--- Problem ---
Return the data below exactly as given, except for the images.

--- Given data ---
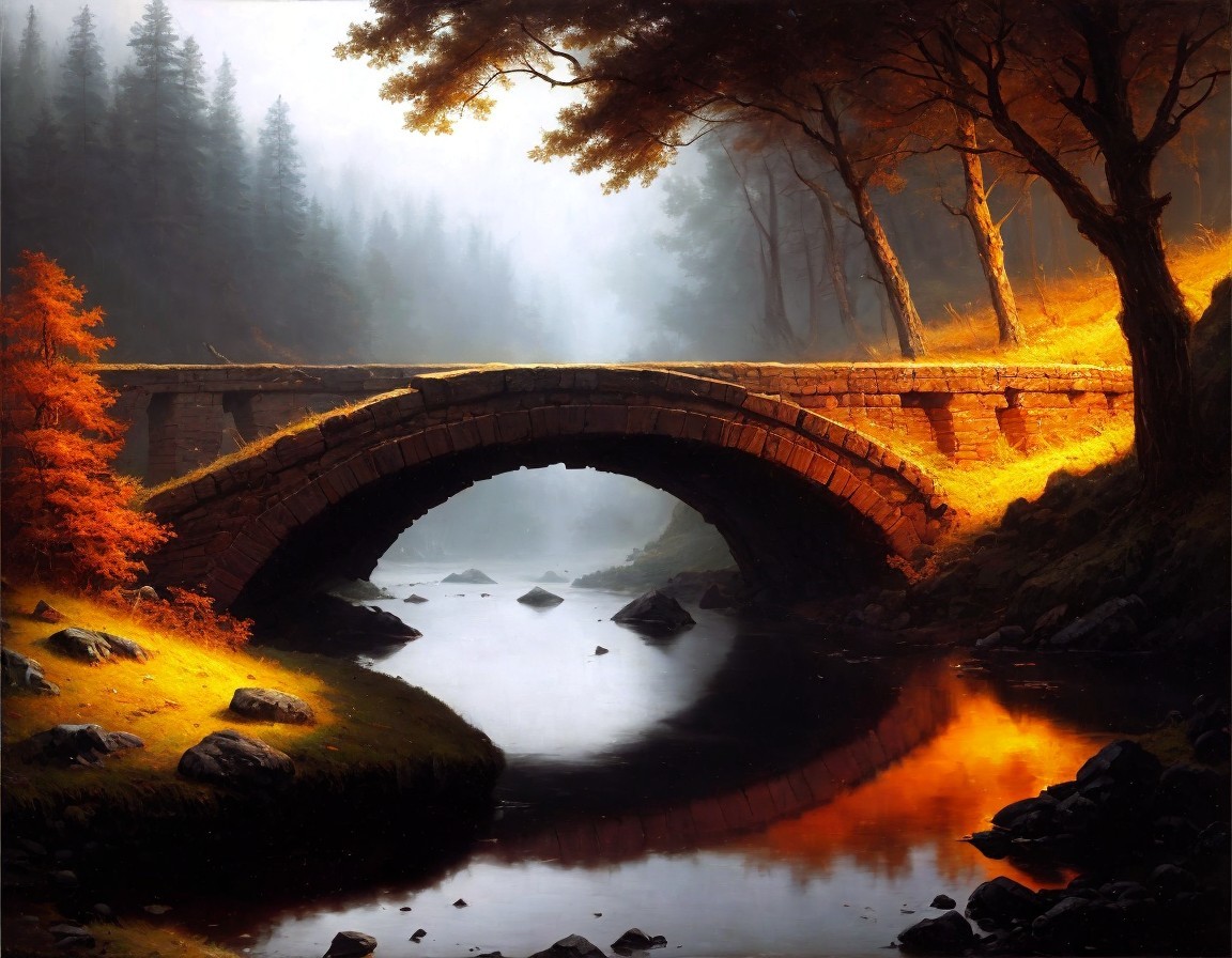 Prompt: An oil painting of an ancient stone bridge crossing a reddish river near the edge of a dense forest, mysterious, sinister, foggy, dark, epic, dramatic lighting, landscape painting, in the style of Albert Bierstadt.
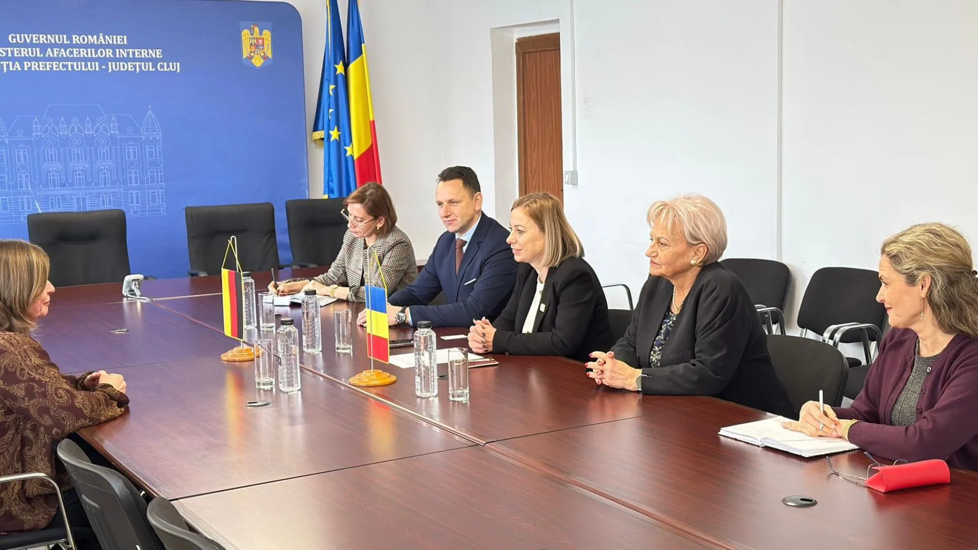 Prefectul județului Cluj, doamna Maria Forna, a avut astăzi o întâlnire oficială cu șeful misiunii diplomatice a Consulatului Republicii Federale Germania la Sibiu, doamna Wiebke Oeser, pentru a consolida relațiile bilaterale și identificării de noi direcții de cooperare între mediul local și partenerii germani. La eveniment au fost prezenți și subprefecții județului, doamna Maria Buzaș Fekete și domnul Florentin Burz, care au contribuit la discuțiile privind dezvoltarea economică, educațională și culturală în județ.
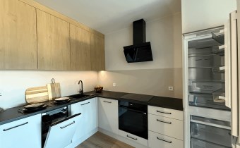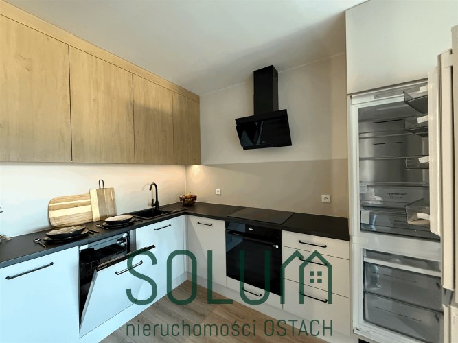 W cenie pozostaje zabudowa kuchenna wykonana przez stolarza w modnym połączeniu kaszmiru i ciepłego drewna, wraz ze sprzętem AGD firmy Samsung (płyta indukcyjna, piekarnik, zmywarka, duża lodówka oraz okap), duża podświetlana, przeszklona szafa, w przedpokoju pojemna szafa.

--- Exercise response ---
 Prompt: An oil painting of an ancient stone bridge crossing a reddish river near the edge of a dense forest, mysterious, sinister, foggy, dark, epic, dramatic lighting, landscape painting, in the style of Albert Bierstadt.
 Prefectul județului Cluj, doamna Maria Forna, a avut astăzi o întâlnire oficială cu șeful misiunii diplomatice a Consulatului Republicii Federale Germania la Sibiu, doamna Wiebke Oeser, pentru a consolida relațiile bilaterale și identificării de noi direcții de cooperare între mediul local și partenerii germani. La eveniment au fost prezenți și subprefecții județului, doamna Maria Buzaș Fekete și domnul Florentin Burz, care au contribuit la discuțiile privind dezvoltarea economică, educațională și culturală în județ.
 W cenie pozostaje zabudowa kuchenna wykonana przez stolarza w modnym połączeniu kaszmiru i ciepłego drewna, wraz ze sprzętem AGD firmy Samsung (płyta indukcyjna, piekarnik, zmywarka, duża lodówka oraz okap), duża podświetlana, przeszklona szafa, w przedpokoju pojemna szafa.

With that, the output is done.